Tanzania hopes to attract $30 billion in foreign investment to revive construction of offshore liquified natural gas projects in 2023. But the spotlight on Africa is stoking fears that the continent’s energy resources will become a curse fuelling conflict across the region.
The war is testing pan-African solidarity and the ability of regional institutions such as African Union to protect Africa’s interests. The crisis has affected African students who comprise around 20 per cent of Ukraine’s foreign students, including 8,000 Moroccans, 4,000 Nigerians, 3,500 Egyptians, over 1,000 Ghanaians and hundreds from Somalia, Kenya and Ethiopia. African students, part of 850,144 people who have fled the war in Ukraine, have experienced racism and discrimination in Ukraine and its neighbours. In February, the African Union condemned ‘racism’ in the wake of Ukraine war, criticising Ukrainian authorities for discriminating against Africans and preventing them from leaving.
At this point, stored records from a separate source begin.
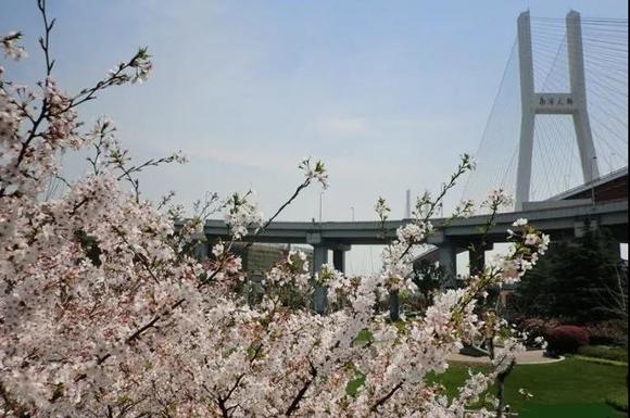 熊熊建议把南浦大桥公交枢纽站作为起点,这里也是魔都的隐藏赏樱地点之一,沿江步道铺着橡胶垫,走起来很轻松。
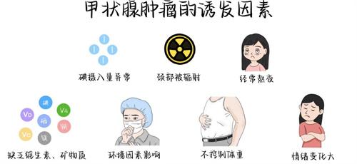 事實上,甲狀腺癌患病的原因并沒有非常的明顯,生活當中可能存在很多不良因素會誘發甲狀腺癌的產生,需要盡量避免這些因素,目前可能認為生活當中的誘因主要有以下幾種類型:
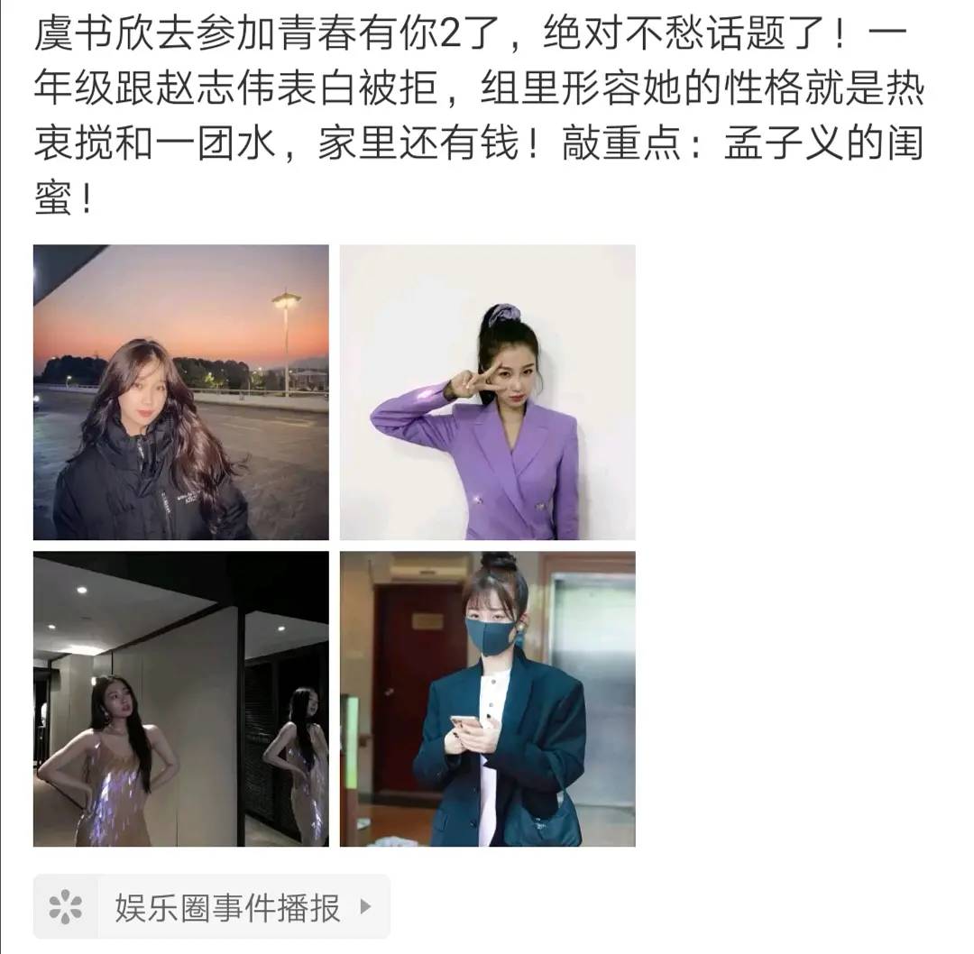 说到做到的虞书欣果然很活跃,最近又被曝出要去参加选秀《青春有你2》,之前所长写过,青2已经有了很多话题度很高的选手,离过婚的、已经出道的、和流量传过绯闻的,这回又加了个任性的大小姐。
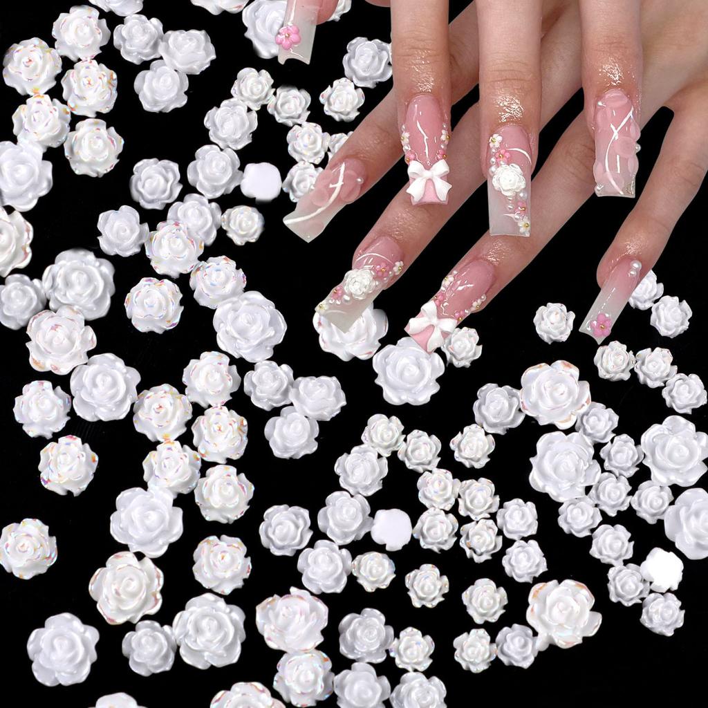 Nail Art Resin Camellia White Rose Ornament Nail Ice Transparent Three-Dimensional Light Changing Flower Accessories
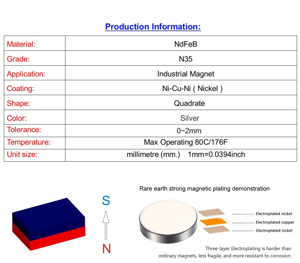 NOTICES: 1. Due to the special nature of the magnet and the artificial measurement. Actual dimensions are subject to physical measurements. 2. The magnet have Wide range of uses .Perfect for sticking notes on fridge doors. whiteboard fixing,adsorption of various steel parts,fixing tissue box on the roof, ideal for DIY projects,etc.Cause the big super magnetic,don't let the kid touch it. 3. Related electronic products, such as Mechanical watchs ,bank cards, mobile phones, computers, televisions, pacemakers, etc., they are easily affected by neodymium magnets, please maintain a certain distance, so as to avoid unnecessary losses. 4. NdFeB magnets are fragile, the characteristics are hard and brittle, especially large-size products, strips and thin slices, separate the magnet, please carefully shift staggered, must not break the hard pry, so as not to damage the product or injured , Separated to maintain a certain distance, so as not to touch the collision, damage to the product, or even dangerous. 5. Neodymium magnets are usually coated Nickel-Copper-Nickel plating to prevent the iron from rusting. If not used in time, be sure to keep away from the high temperature and corrosive environment,although there is a coating on the surface of the magnet. 6. If you have any questions, please keep good communication with us.
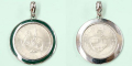 ユーロ以前のオーストリアで発行された5シリングコインを、肉厚のシルバー枠でペンダントにしました。周囲の枠にはグリーンのエナメルを施し、重厚な色合いを演出しています。表面の騎馬像はハプスブルク朝時代から続くウィーンの馬術教練場「スペイン馬術学校」の一場面を表現しています。
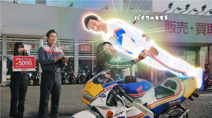 今回来店したのは、バイクを売ろうとしたものの、愛車を手放すのをためらい「やだーー」と叫ぶお客様。そんなお客様に「126cc以上のバイクをご売却で、5,000円分のQUOカードをプレゼントするキャンペーン」について優しく伝える「うるのたかし店長」。そして突然出てきた「バイクのキモチ」からの「別れがあるから、出会いがあんだろ」と渋~い後押しのセリフにやられたお客様は売却を決意します。コミカルなCMをぜひご覧いただくとともに、「2022年その場でもらえる5,000円キャンペーン」のほか、バイクの買い替えや免許取得をお考えの方もお得なキャンペーンも同時に実施しておりますので、この機会に是非ご利用ください。
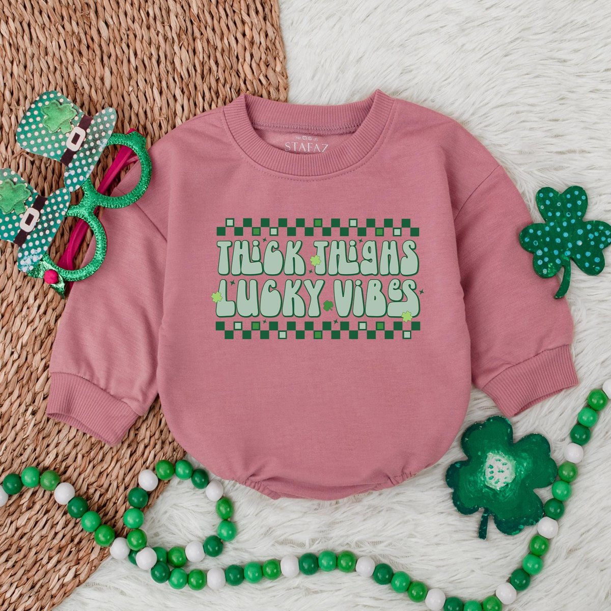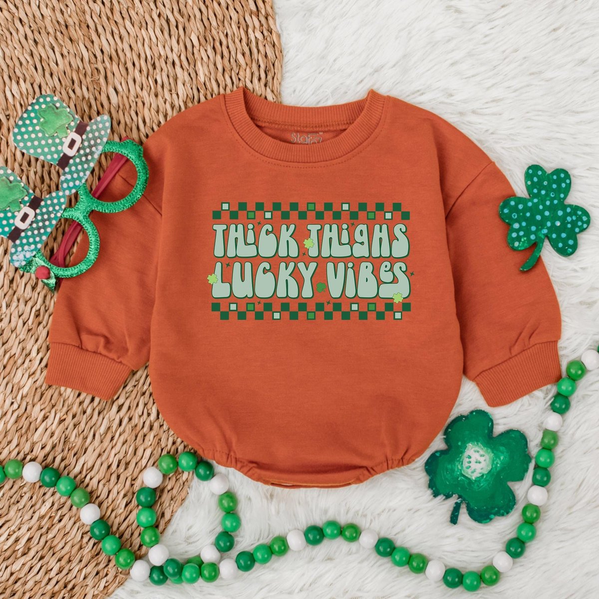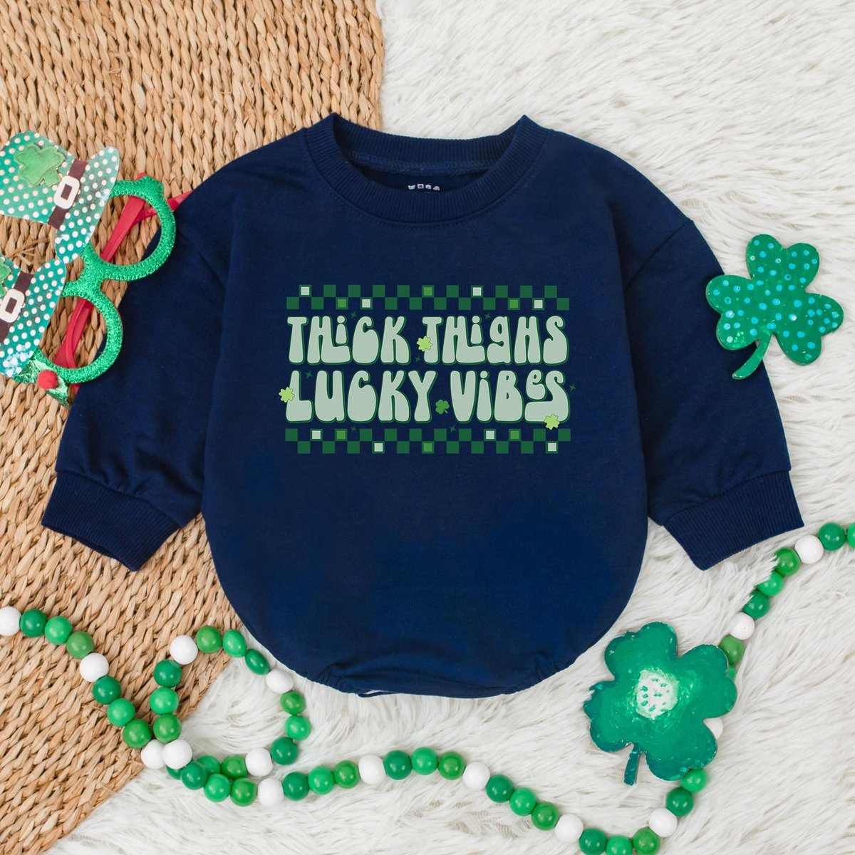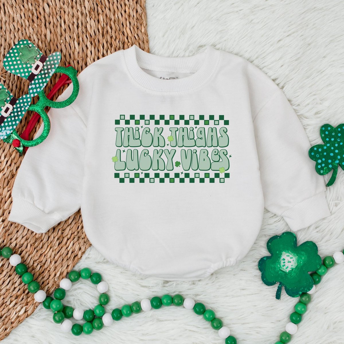 Thick Thighs Lucky Vibes Baby BodysuitLucky Charm St. Patrick’s Day Bubble RomperSt. Patrick’s Day 185
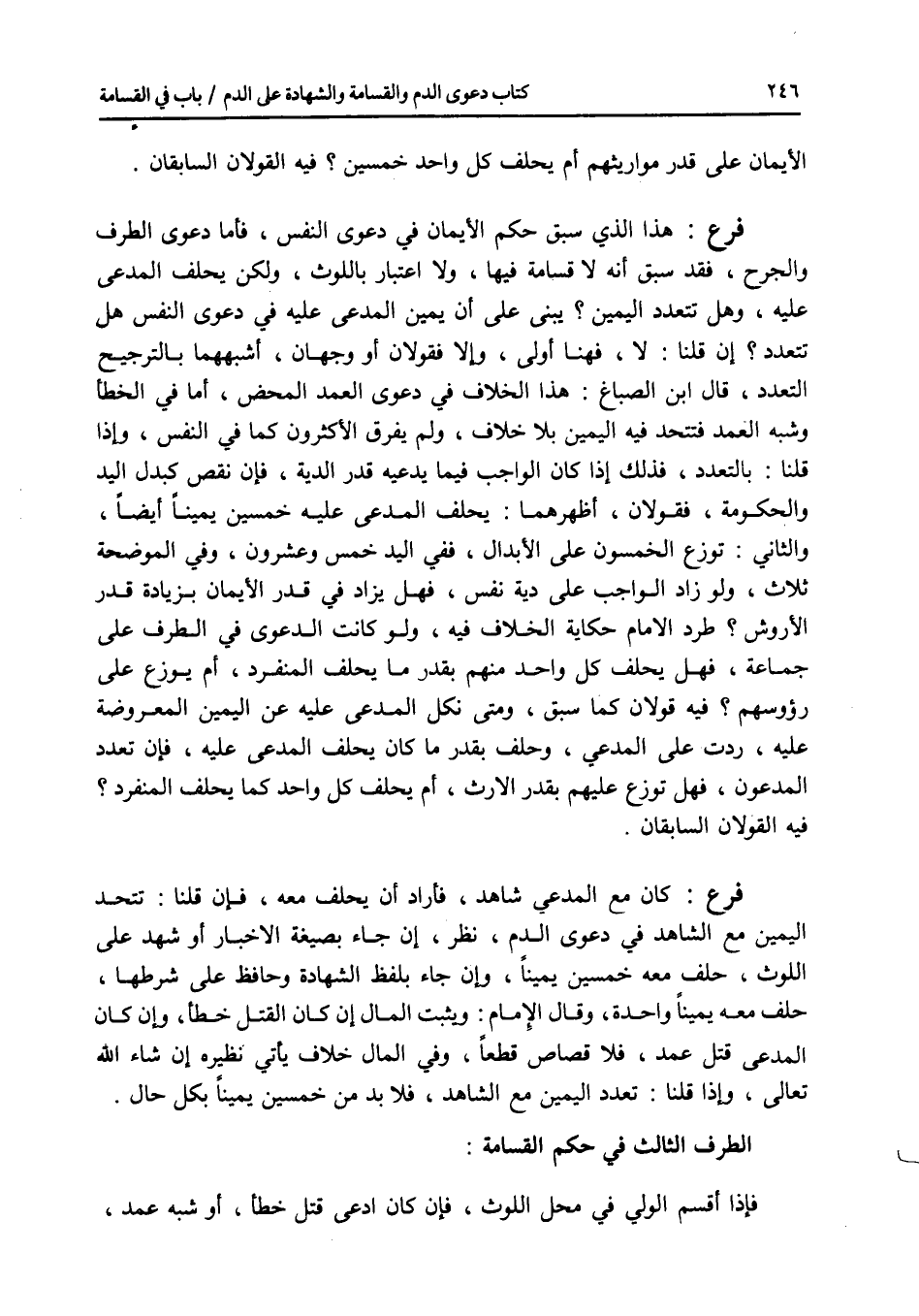الطرف الثالث : في حكم القسامة فإذا أقسم الولي في محل اللوث، فإن كان ادعى قتل خطإ أو شبه عمد،
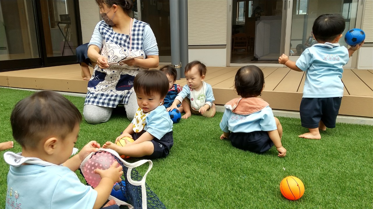 その後は園庭に出て、外気浴やボール遊びをして元気いっぱい過ごしました💖😊りす組🐿
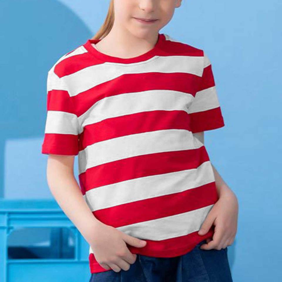 เสื้อยืดเด็กชายหญิง เสื้อยืดลายทางเด็กชาย เสื้อยืดเด็กวัยหัดเดิน 7-8 ปี รับผลิตตามแบบ OEM 180 GSM ผ้าฝ้ายพรีเมียม 100%
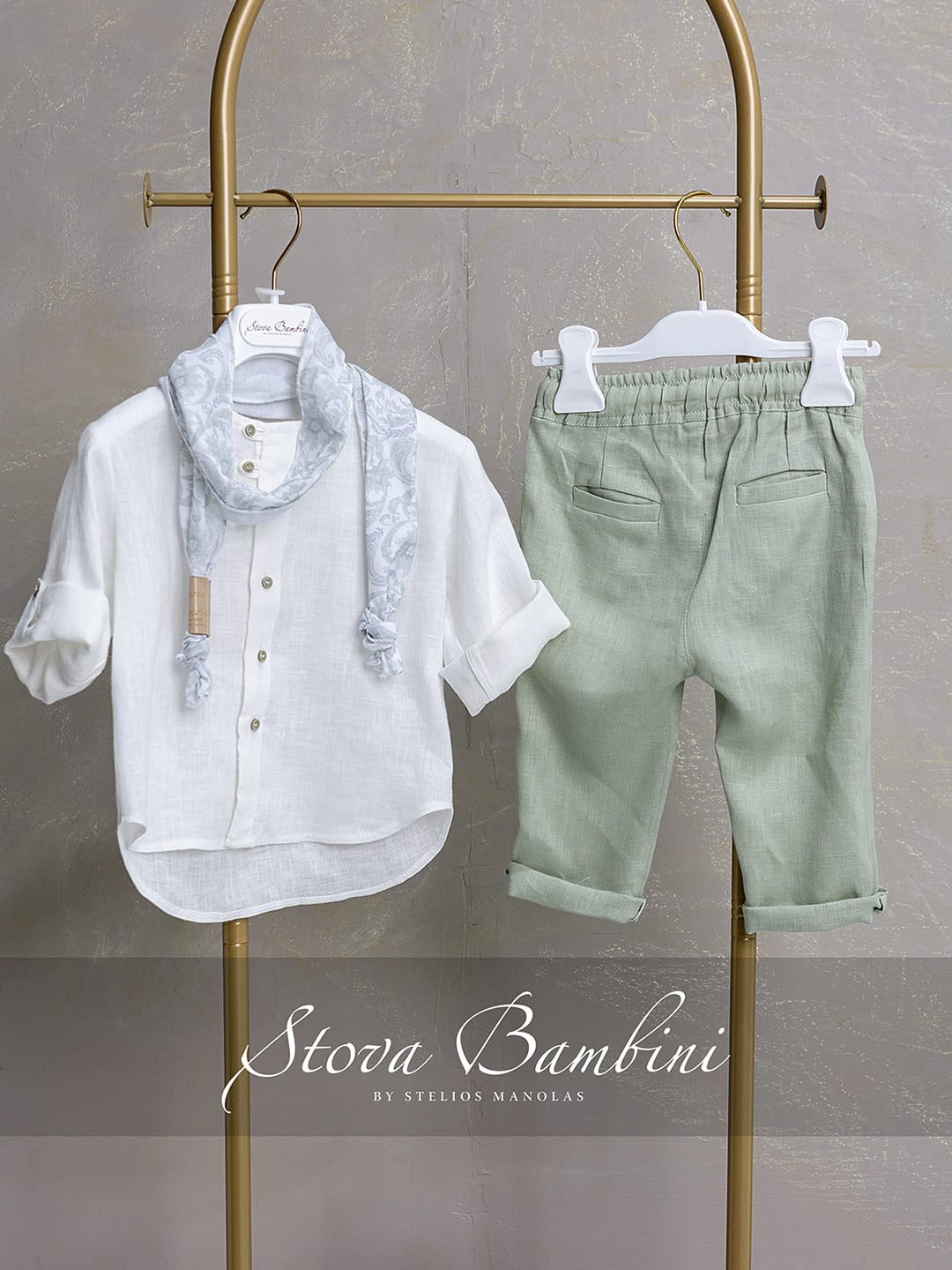 Αέρινο καλοκαιρινό βαπτιστικό σύνολο από 100% υψηλής ποιότητας linen, σχεδιασμένο για κομψές και ανάλαφρες εμφανίσεις τις πιο ζεστές ημέρες του καλοκαιριού. Η λευκή λινή πουκαμίσα Stova συνδυάζεται αρμονικά με το λινό παντελόνι -με κορδόνι περίσφιξης- σε μοναδική απόχρωση μέντας, δημιουργώντας ένα σύνολο που αποπνέει φυσική κομψότητα και διαχρονικό στυλ. Το σύνολο ολοκληρώνεται με υπέροχο Ιταλικό printed φουλάρι και ασορτί καπέλο — για μια ολοκληρωμένη, καλοκαιρινή εμφάνιση που δεν φωνάζει, αλλά ξεχωρίζει.

In the wake of the war, Africa is divided on how to handle the conflict. On February 24, the AU condemned Russia’s invasion of Ukraine, calling for an immediate ceasefire. Kenya’s ambassador at the UN Security Council, Martin Kimani, condemned Russia for breaching Ukraine’s “territorial integrity and sovereignty”. Even South Africa, which is a member of the BRICS ( Brazil, Russia, India, China and South Africa) grouping of middle-income countries called on Russia to withdraw its forces. However, the African group of UN was almost evenly split, with 28 members backing the resolution and 25 either abstaining or not voting at all.
The Russia-Ukraine war casts a long shadow over new geopolitics in the Horn of Africa. Countries in the region have forged relations with all the major powers – Russia, China, America and Europe – in order to access markets, investment, and financial assistance. A resurgent Russia has reasserted itself in the Horn, as elsewhere in Africa, through security and economic engagements.
The Russia-Africa Economic Forum in Sochi in 2019, the first of its kind, was attended by 47 African heads of state. But owing to the war, the second Russia-Africa summit, which was scheduled for October to November this year in Addis Ababa, is unlikely to take place. The war is likely to derail Russia’s military cooperation agreements with African countries to counter extremist fighters. It is also undermining post-pandemic recovery plans in the Horn.